At the same time, the system has enough capacity to support team-based and research projects that produce measurable, applied results. In that sense, it was an important and correct step by both the government and the university.
To be honest, the process took a long time and could have been implemented faster. But the most important thing is that the foundation is now in place.
According to the industry expert, this is not an endpoint, but a starting point. If investments in computational resources continue, it will be possible to significantly expand these capabilities and build much larger-scale infrastructure in the future.
At AI Conf 2026, Aghajanyan also presented the activities and vision of Perceptron. The company was founded around 14 months ago with a clear goal: to build a foundational technology platform focused on hardware systems and interaction with the physical world.
The core idea is that wherever technology directly interacts with real environments—such as robotics, manufacturing, automation, or complex analytical systems—models should be specifically designed for those domains.
Perceptron's scope ranges from relatively simple robotics tasks, such as making coffee or sorting books, to more complex systems requiring advanced perception and decision-making capabilities, including systems that analyze large-scale visual data and identify key objects in complex environments.
The company's broader vision is not only to develop innovative solutions, but also to establish a foundational framework that can guide the development of artificial intelligence in the South Caucasus in the coming years.
In his presentation on "The Armenian AI Doctrine," Aghajanyan addressed Armenia's positioning in the global AI landscape, along with its main limitations and opportunities. He emphasized the importance of building internal capacity as a long-term strategy.
He noted that for small countries, including Armenia, the primary strategy cannot be based on training large-scale models independently. Instead, he said, a more realistic direction lies in developing applied services, systems, and the integration of AI across both public and private sectors.

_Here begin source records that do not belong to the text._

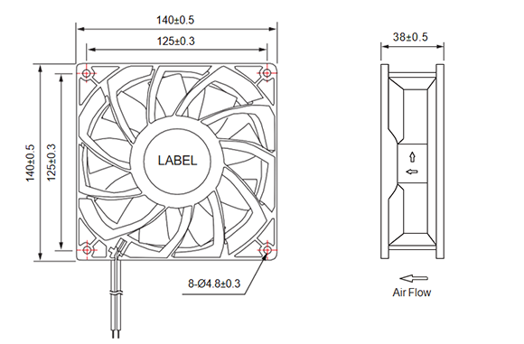 UL2468 AWG #22 or equivalent 红色线正级 Red Wire Positive (+) 黑色线负级 Black Wire Negative (-)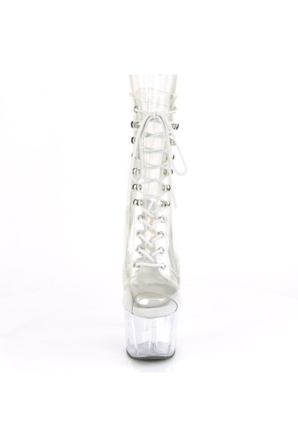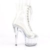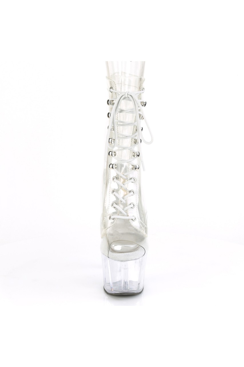 7″” (178mm) Heel, 2 3/4″” (70mm) Platform Peep Toe Lace-Up Front Ankle Boot, Inner Side Zip Closure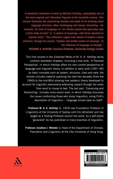 For nearly half a century, Professor M. A. K. Halliday has been enriching the discipline of linguistics with his keen insights into the social semiotic phenomenon we call language. This ten volume series presents the seminal works of Professor Halliday. This first volume contains seventeen papers, including a new chapter entitled 'A Personal Perspective', in which Halliday offers his own current perspective on language and linguistic theory. The first part of the book presents early papers (1957-66) on basic concepts such as system, structure, class and rank. The second part highlights how, over the span of two decades (the 1960s to mid-1980s), Halliday developed systemic theory to account for linguistic phenomena extending upward through the ranks from word to clause to text. The last part, 'Construing and Abstracting', includes more recent work, in which Halliday discusses the issues confronting those who study linguistics, using Firth's description of linguistics - 'language turned back on itself'.

He also discussed the future of open-source models, noting that while they were once seen as a strong alternative, recent developments show leading closed models continuing to advance rapidly—particularly in benchmarks assessing complex autonomous agent performance.
From a geopolitical perspective, he said AI has become a strategic resource whose accessibility is shaped by various global power centers. In this context, countries should not aim for full technological sovereignty but instead build flexible systems that integrate local infrastructure with global AI services.
He highlighted the efficient use of GPUs and computational resources, as well as the development of AI workflows based on them. For countries like Armenia, he stressed the importance of building systems that enable AI applications in public administration, healthcare, legal, and technical sectors.
In closing, Aghajanyan pointed to physical AI—systems in which artificial intelligence directly interacts with the physical environment, ranging from security systems to robotics—as a potential strategic direction for the future.